[INPUT MATERIAL Boundary: Start]

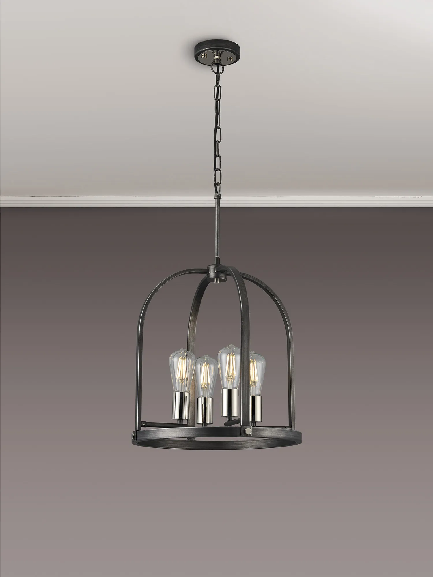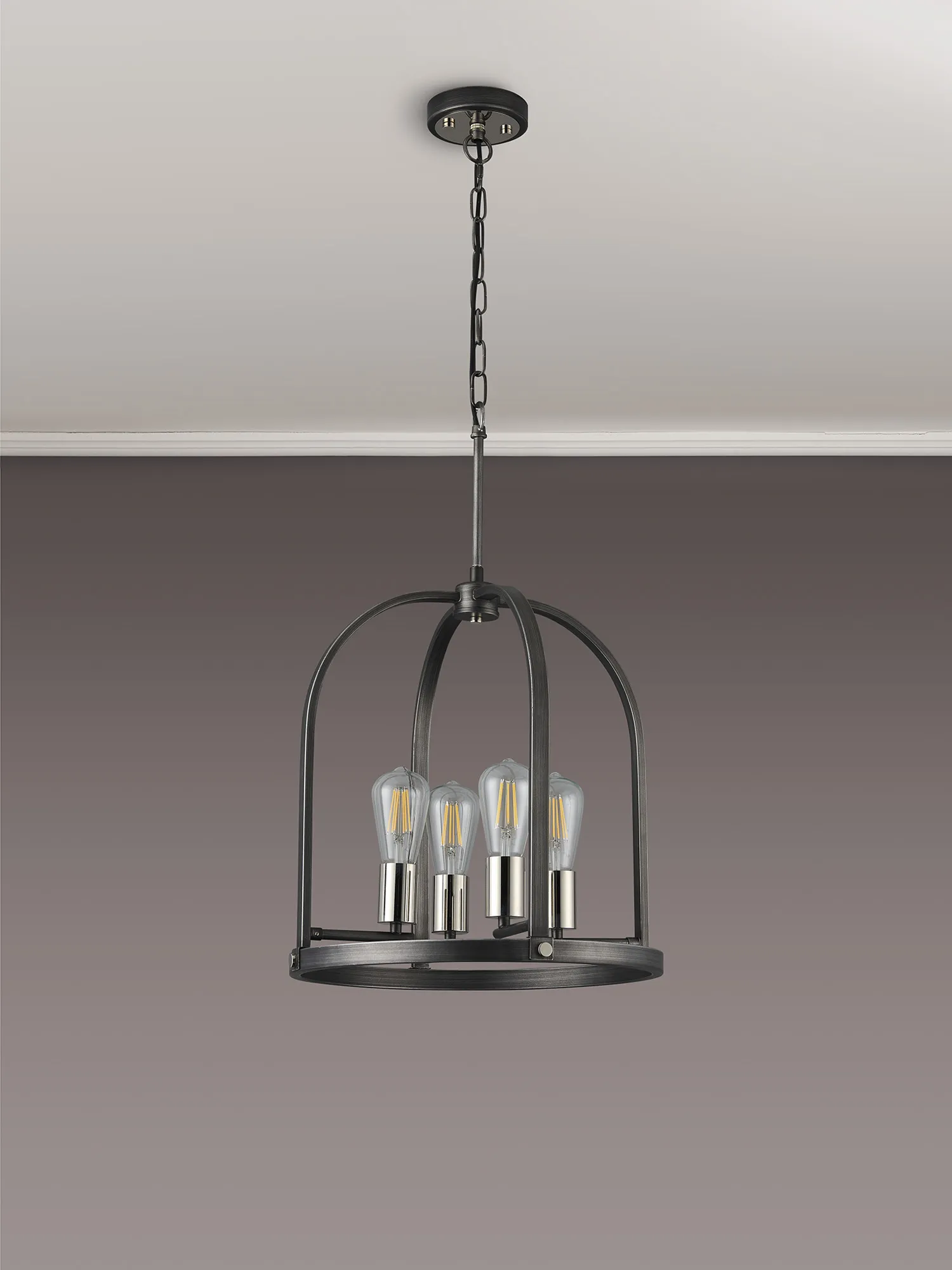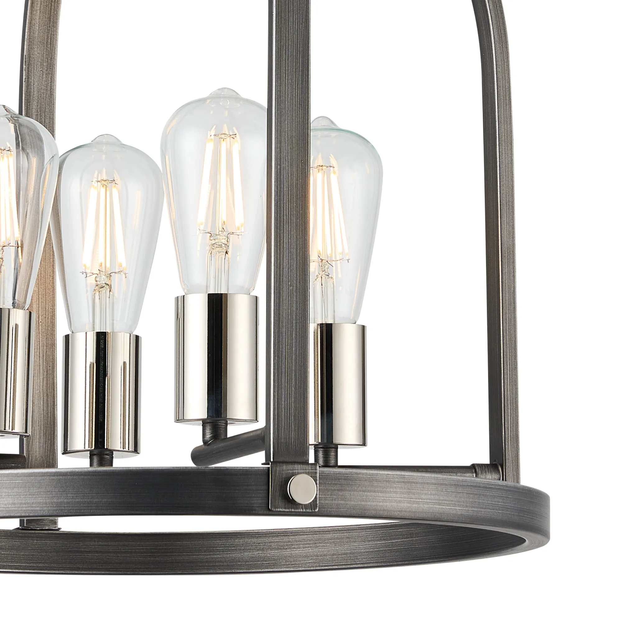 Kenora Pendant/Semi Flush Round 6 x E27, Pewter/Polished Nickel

[INPUT MATERIAL Boundary: End]
[INPUT MATERIAL Boundary: Start]

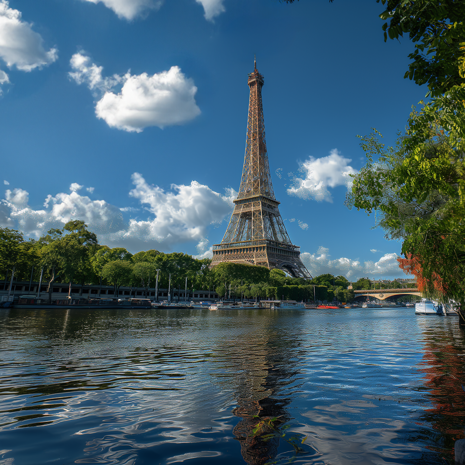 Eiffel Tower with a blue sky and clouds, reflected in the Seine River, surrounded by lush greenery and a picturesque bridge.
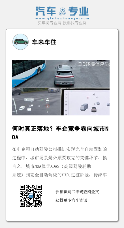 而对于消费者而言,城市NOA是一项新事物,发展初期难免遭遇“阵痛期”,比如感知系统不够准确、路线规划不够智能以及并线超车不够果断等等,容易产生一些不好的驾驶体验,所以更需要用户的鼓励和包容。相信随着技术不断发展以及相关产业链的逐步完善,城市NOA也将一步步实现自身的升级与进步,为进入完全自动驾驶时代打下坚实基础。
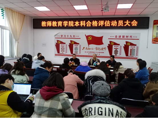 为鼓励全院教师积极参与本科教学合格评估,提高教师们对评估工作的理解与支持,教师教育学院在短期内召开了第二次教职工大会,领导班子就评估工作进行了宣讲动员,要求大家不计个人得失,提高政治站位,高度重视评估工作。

[INPUT MATERIAL Boundary: End]
[INPUT MATERIAL Boundary: Start]

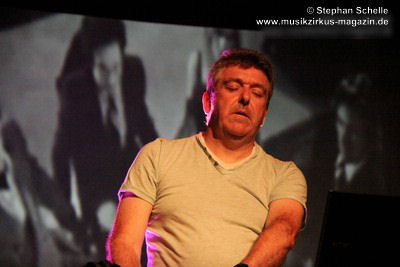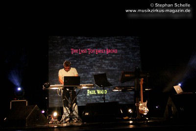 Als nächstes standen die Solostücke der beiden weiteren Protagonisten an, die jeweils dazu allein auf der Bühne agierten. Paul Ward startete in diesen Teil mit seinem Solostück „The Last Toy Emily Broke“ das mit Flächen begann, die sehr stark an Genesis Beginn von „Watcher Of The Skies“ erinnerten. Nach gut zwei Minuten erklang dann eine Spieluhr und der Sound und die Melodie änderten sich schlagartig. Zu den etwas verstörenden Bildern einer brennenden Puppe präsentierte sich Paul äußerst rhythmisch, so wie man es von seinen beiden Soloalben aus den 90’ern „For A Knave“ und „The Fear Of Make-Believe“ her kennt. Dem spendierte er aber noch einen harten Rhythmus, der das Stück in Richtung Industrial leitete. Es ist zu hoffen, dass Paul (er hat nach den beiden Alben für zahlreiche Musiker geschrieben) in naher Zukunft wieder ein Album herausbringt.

[INPUT MATERIAL Boundary: End]

> **YOUR GOAL**: Return only the stretch above from the line containing "Eiffel Tower with" through the line containing "而对于消费者而言,城市NOA", word for word and without pictures.

> **ANSWER FOR THE TASK**:
 Eiffel Tower with a blue sky and clouds, reflected in the Seine River, surrounded by lush greenery and a picturesque bridge.
 而对于消费者而言,城市NOA是一项新事物,发展初期难免遭遇“阵痛期”,比如感知系统不够准确、路线规划不够智能以及并线超车不够果断等等,容易产生一些不好的驾驶体验,所以更需要用户的鼓励和包容。相信随着技术不断发展以及相关产业链的逐步完善,城市NOA也将一步步实现自身的升级与进步,为进入完全自动驾驶时代打下坚实基础。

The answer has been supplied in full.